Zep: A lightweight memory layer focused on persistent chat history and vector-based recall.
Letta: Formerly known through MemGPT, it uses a layered memory system with core and external memory, similar to operating system paging.
Honcho: A multi-entity memory system built around dialectic reasoning, with post-conversation pattern extraction through Neuromancer.
OpenViking: Organizes agent context like a filesystem, using a hierarchical structure and the viking protocol.
Hindsight: A biomimetic memory system split into four banks: World, Experiences, Skills, and Semantic memory.
ByteRover: Treats memory operations as first-class agent tools and structures knowledge through a Context Tree with real-time feedback loops.
Supermemory: A context infrastructure layer for AI agents that combines user profiles, memory graphs, retrieval, extractors, and connectors.
There is no single best option in the list, you’ll need to look through them and decide which one you like most. You can also simply try them out, since setting them up in Hermes is straightforward. You just need to run these commands:
hermes memory setup # pick a provider and configure it
hermes memory status # check what’s activeThe providers work alongside the built-in memory, and they don’t replace it, they are just an upgrade
If Hermes or OpenClaw feels overwhelming, there’s no need to get frustrated. Book a 20-minute consultation, and let’s find a solution together:
Conclusion
After doing this research, I realised how well thought-out the Hermes Agent memory system actually is.
Everything was designed to balance recall, efficiency, and autonomy. Instead of treating memory as a single infinite storage box, Hermes approaches it more like humans do:
Keep what is immediately important close
Compress what becomes too large.
Retrieve what was said in the past when needed.
Rely on procedural knowledge to avoid unnecessary repetition.

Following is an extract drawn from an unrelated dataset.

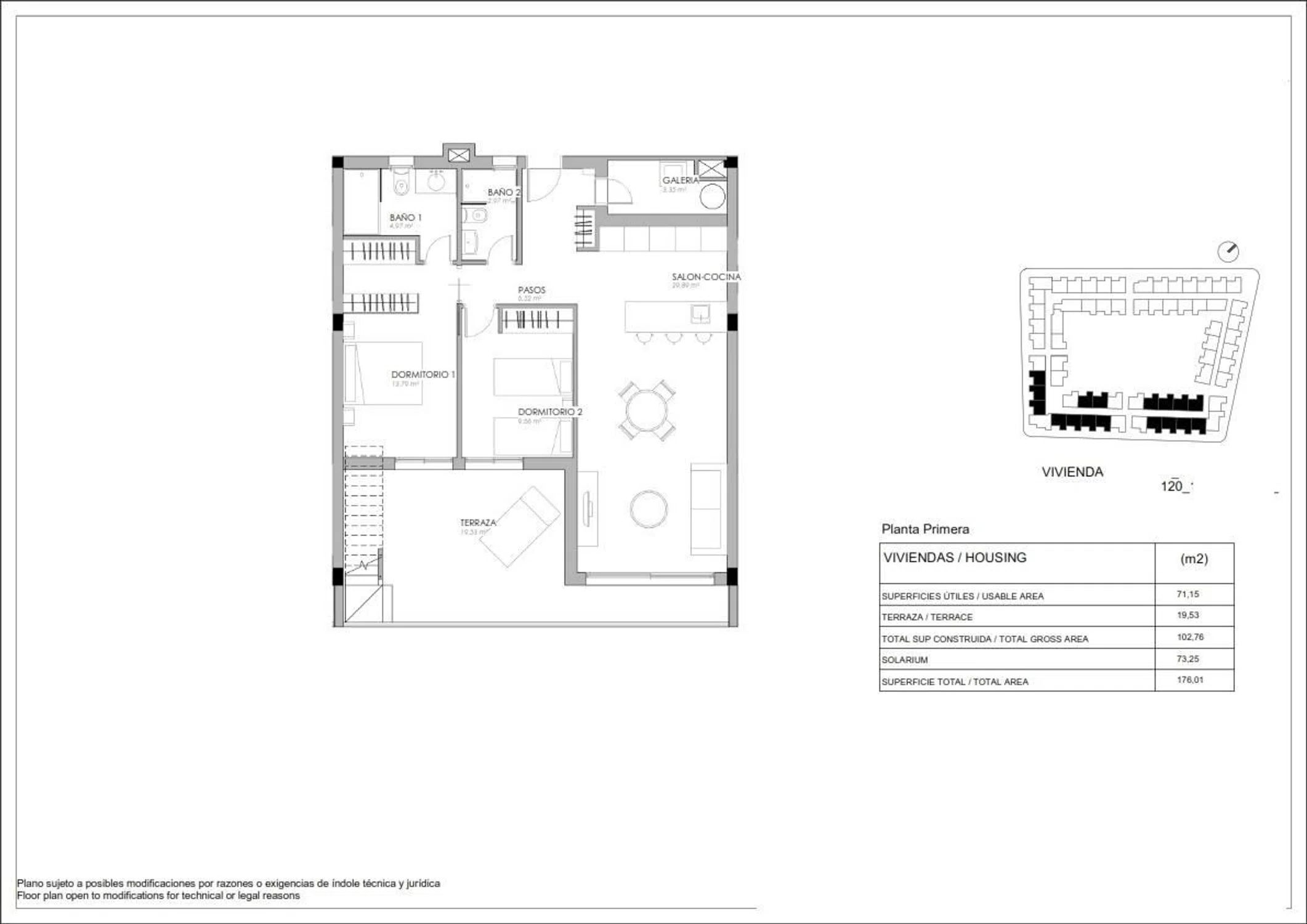 Apartamento en primera planta, de 2 dormitorios y 2 baños, con 103m2 construidos con una terraza de 20m2 y solarium de 73m2. Incluye plaza de garaje subterránea. Se encuentra en una tranquila zona residencial de Torrevieja, a solo 250 metras de la Playa de la Veleta La zona de todos los servicios públicos necesarios, ocio, bares, restaurantes, comercios. supermercados, correos, bancos, ambulatorios de la Seguridad Social, clínicas privadas, escuelas. A solo 10 minutos en coche hay dos impresionantes centros comerciales al aire libre Gracias al clima mediterráneo es posible disfrutar de muchas actividades al aire libre, como el golf, el tenis, el pádel y deportes acu? ticos en las numerosas playas con bandera azul. Las áreas comunitarias ofrecen una sensación mediterránea, con jardines que fluyen dentro de tu salón a través de la terraza y rodean una gran piscina para adultos y niños Las zonas ajardinadas se compones de árboles, palmeras y plantas locales, obteniendo un jardín sostenible con un reducido consumo de agua También hay equipos de gimnasia al aire libre, disponible para los residentes.

This makes the AI agent cost-efficient while still feeling persistent and context-aware over long periods of time. It does not try to remember everything all the time. It remembers the right things in the right place.
I wonder if there will be open-source agents that can beat this memory mechanism. You almost don’t need extensions to do most things if you rely a lot on skills.
You can find more about Hermes’ persistent memory here.
I’m starting to envy the Hermes Agent’s memory architecture. I wish mine were as good.